*Exercise aim*.
When you reach the line containing "有没有觉醒的姐妹喜欢黄金的 二十岁以前:真土白给都不要 二十岁以后:真好看 好想要", begin reproducing the material exactly, stop after the line containing "珍しいフロント3つボタンのダ", and leave out any pictures along the way.

*Record set*.
++++++++++++++++++++

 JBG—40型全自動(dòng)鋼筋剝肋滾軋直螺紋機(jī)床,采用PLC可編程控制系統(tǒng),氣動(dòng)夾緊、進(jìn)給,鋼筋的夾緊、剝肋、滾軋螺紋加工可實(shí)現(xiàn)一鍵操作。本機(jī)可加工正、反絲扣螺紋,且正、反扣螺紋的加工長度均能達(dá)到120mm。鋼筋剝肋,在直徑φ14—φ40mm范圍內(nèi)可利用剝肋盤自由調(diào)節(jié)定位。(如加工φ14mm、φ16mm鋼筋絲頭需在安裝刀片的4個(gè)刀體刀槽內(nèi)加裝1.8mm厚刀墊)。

++++++++++++++++++++

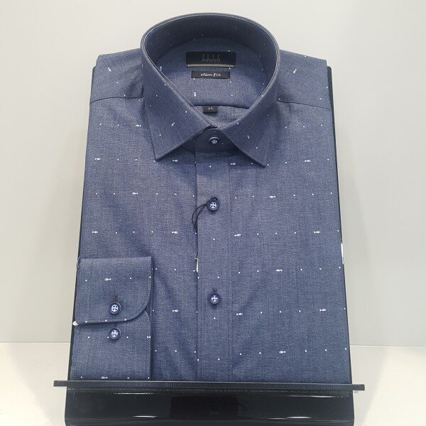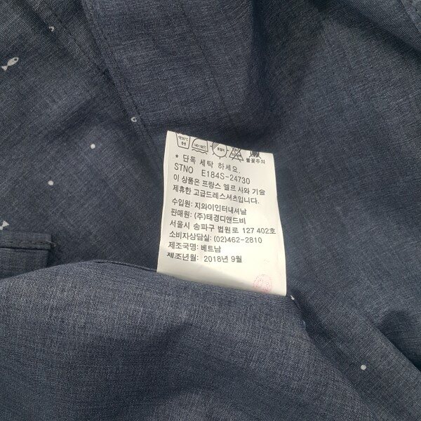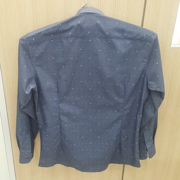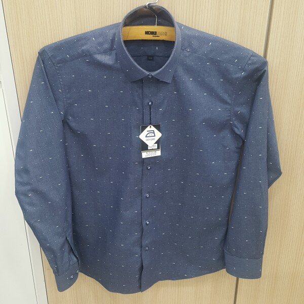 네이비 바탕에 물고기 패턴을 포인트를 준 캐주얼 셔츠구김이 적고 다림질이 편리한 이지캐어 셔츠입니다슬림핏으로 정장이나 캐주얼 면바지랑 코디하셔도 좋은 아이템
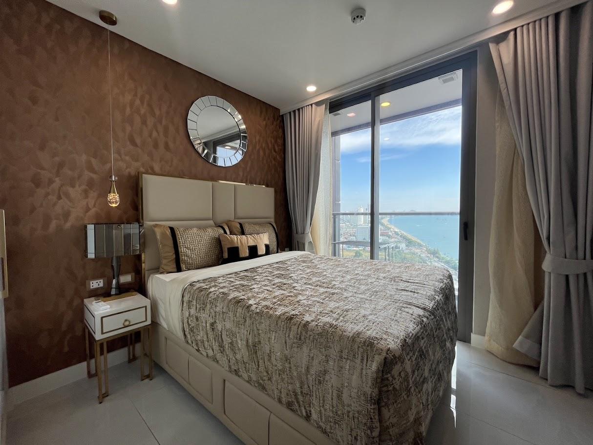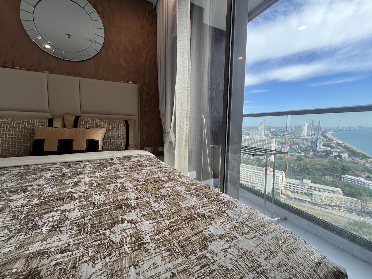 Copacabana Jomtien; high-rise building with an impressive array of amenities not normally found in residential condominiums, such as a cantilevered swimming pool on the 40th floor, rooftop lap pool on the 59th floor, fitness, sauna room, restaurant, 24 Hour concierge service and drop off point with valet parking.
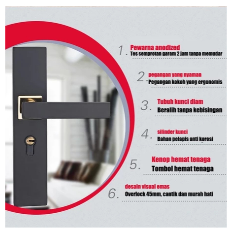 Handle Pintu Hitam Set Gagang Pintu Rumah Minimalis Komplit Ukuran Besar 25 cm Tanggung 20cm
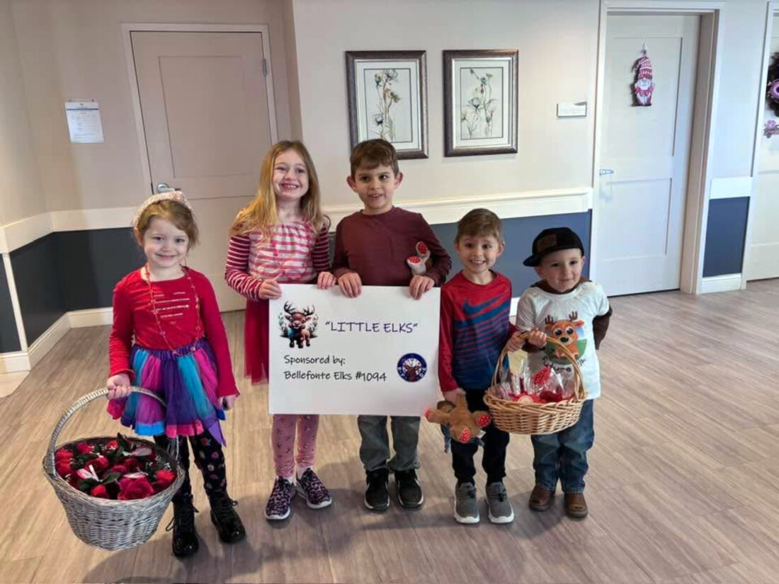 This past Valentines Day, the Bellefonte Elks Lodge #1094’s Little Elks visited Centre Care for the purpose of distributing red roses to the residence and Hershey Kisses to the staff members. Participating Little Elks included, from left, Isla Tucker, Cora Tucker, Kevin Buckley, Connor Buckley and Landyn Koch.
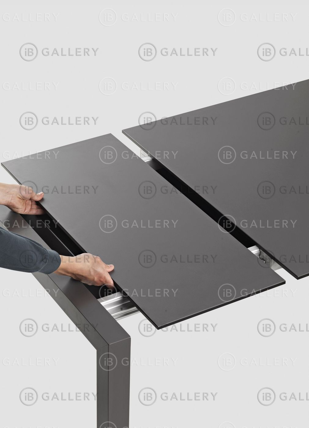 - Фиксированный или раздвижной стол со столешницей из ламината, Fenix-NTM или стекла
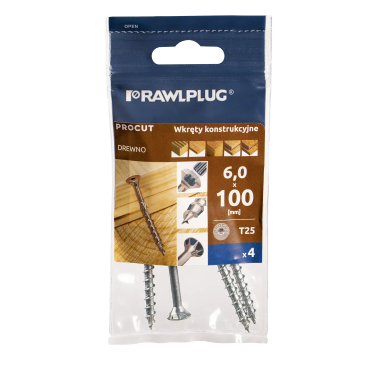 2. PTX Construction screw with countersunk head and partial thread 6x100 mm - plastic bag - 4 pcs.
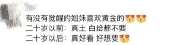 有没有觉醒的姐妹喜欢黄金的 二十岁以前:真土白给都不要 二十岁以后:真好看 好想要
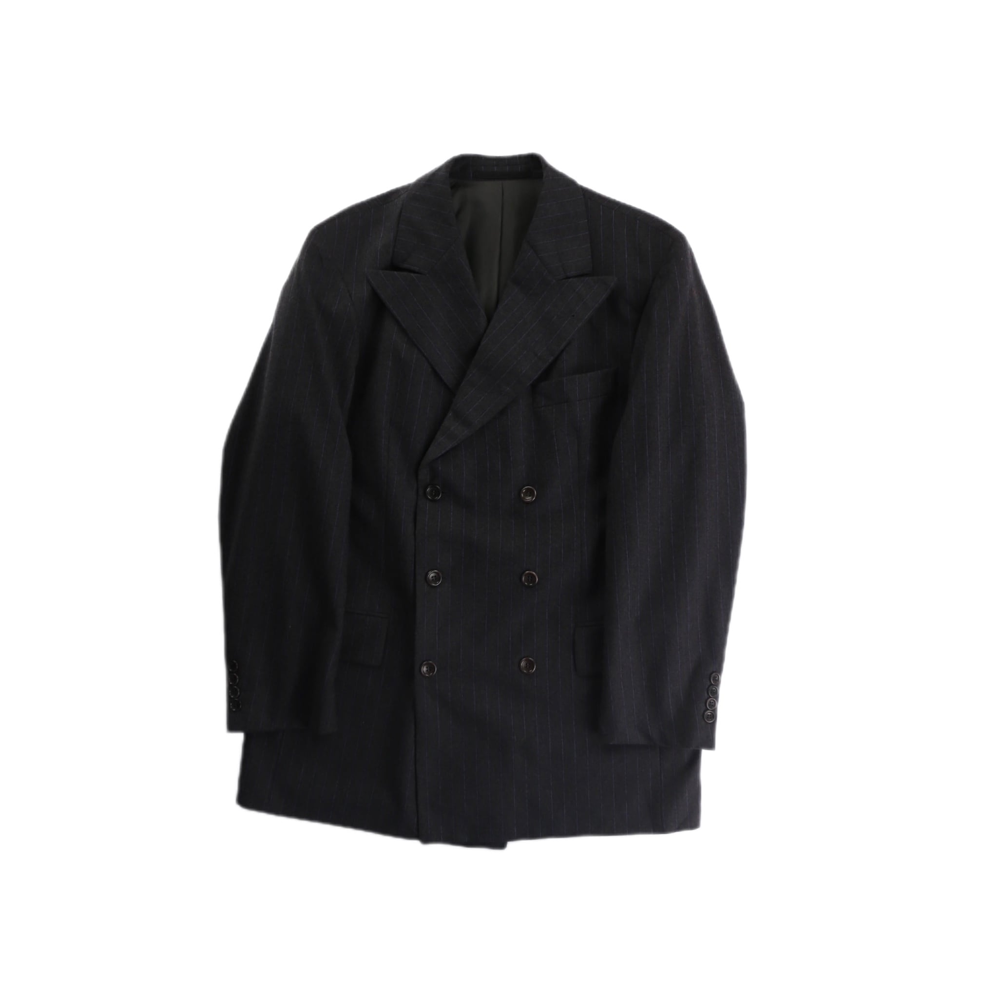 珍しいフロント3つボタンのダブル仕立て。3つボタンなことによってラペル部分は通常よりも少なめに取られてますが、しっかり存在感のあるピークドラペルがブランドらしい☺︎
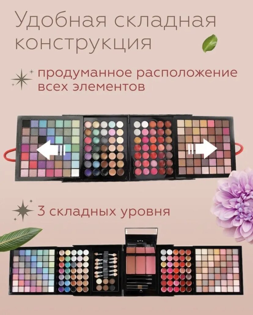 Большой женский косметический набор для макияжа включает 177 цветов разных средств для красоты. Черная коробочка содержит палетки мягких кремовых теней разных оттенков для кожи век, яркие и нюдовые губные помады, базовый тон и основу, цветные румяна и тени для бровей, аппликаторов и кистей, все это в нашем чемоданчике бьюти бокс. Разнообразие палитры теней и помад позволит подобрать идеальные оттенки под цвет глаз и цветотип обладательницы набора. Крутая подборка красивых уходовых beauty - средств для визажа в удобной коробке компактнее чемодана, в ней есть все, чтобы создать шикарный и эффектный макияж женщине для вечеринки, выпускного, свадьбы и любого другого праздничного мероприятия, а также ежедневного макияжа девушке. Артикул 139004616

++++++++++++++++++++

*The completed task*.
 有没有觉醒的姐妹喜欢黄金的 二十岁以前:真土白给都不要 二十岁以后:真好看 好想要
 珍しいフロント3つボタンのダブル仕立て。3つボタンなことによってラペル部分は通常よりも少なめに取られてますが、しっかり存在感のあるピークドラペルがブランドらしい☺︎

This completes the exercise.